DETROIT — Michigan's unemployment rate has fallen again, pulling even with the national rate for the first time in 15 years, the state announced Wednesday.
The state's seasonally adjusted jobless rate dropped 0.2 points to 5.4 percent in April, the Michigan Department of Technology, Management & Budget said. The U.S. rate fell 0.1 points to 5.4 percent in April.
"Reaching the national average after being dead last has been a priority as we've worked to reinvent Michigan," Gov. Rick Snyder, who began his first four-year term in 2011, said in a statement. "We've cut Michigan's unemployment rate by more than half since the end of 2010, creating nearly 400,000 private sector jobs."
The state's jobless rate has fallen 2 percentage points from 7.5 percent in April 2014, the department said. It said the jobless rate in the state now has fallen for 20 consecutive months since September 2013.
The number of unemployed people in Michigan fell 10,000 in the latest month to 257,000, while the state's civilian labor force shrank by 6,000 to 4.741 million, the department said. It said 4.483 million people were working in Michigan in April.
"Michigan has displayed an impressive run of monthly jobless rate reductions over the past year," Jason Palmer, director of the department's Bureau of Labor Market Information and Strategic Initiatives, said in a statement. "Statewide payroll job levels have increased by nearly 100,000 since April 2014."

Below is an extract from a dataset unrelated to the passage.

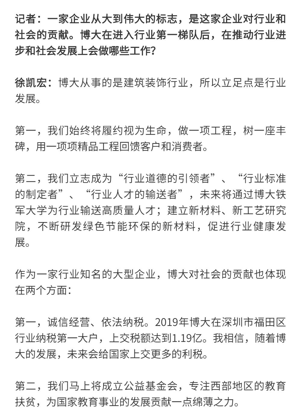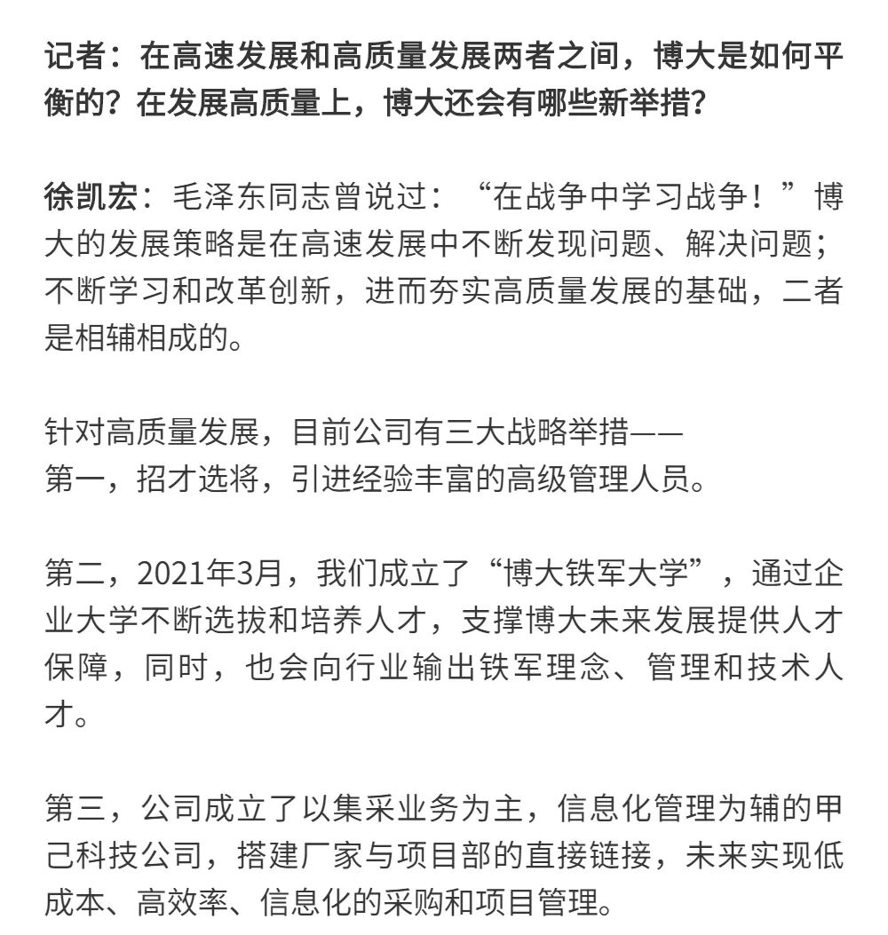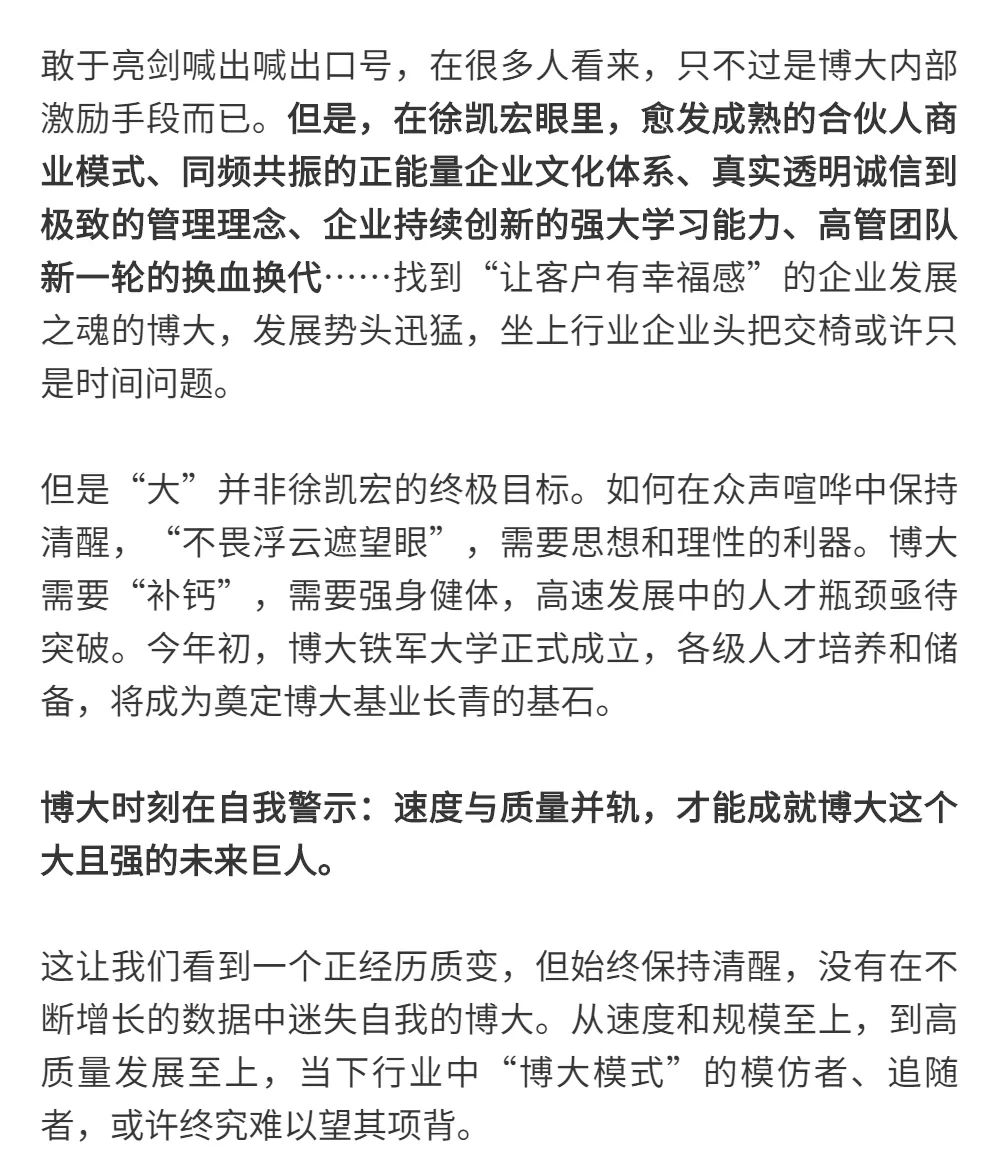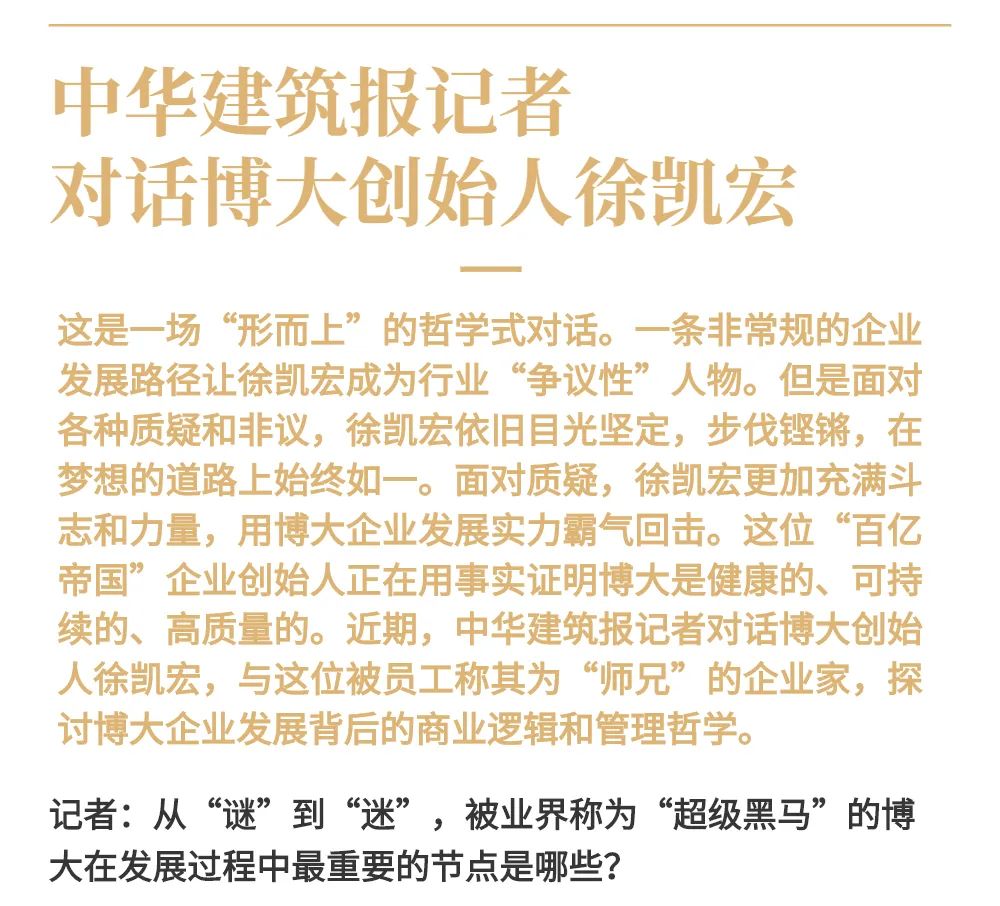 博大以雷霆之勢迅速崛起,吸引了行業(yè)的高度關(guān)注,行業(yè)權(quán)威媒體《中華建筑報》數(shù)次深入博大一線調(diào)研走訪,并對創(chuàng)始人徐凱宏先生進(jìn)行了坦誠的訪談,以探討和總結(jié)博大發(fā)展的秘籍,并寫就了《進(jìn)擊的博大:從高速到高質(zhì)量的創(chuàng)新逆襲》和《對話徐凱宏 | 博大正沿著高質(zhì)量發(fā)展道路堅定前行》兩篇文章。

In the 12 months ending in April, the number of unemployed people in Michigan fell by 98,000, or 27.6 percent. The number fell 11.8 percent nationwide in that time.
The Republican governor said that reaching the national average "is an important milestone, but we now must set our sights on surpassing that mark."
The keys to further lowering Michigan's jobless rate, he said, include improving workforce training and helping making Michigan "the place where companies look to grow and create more and better jobs."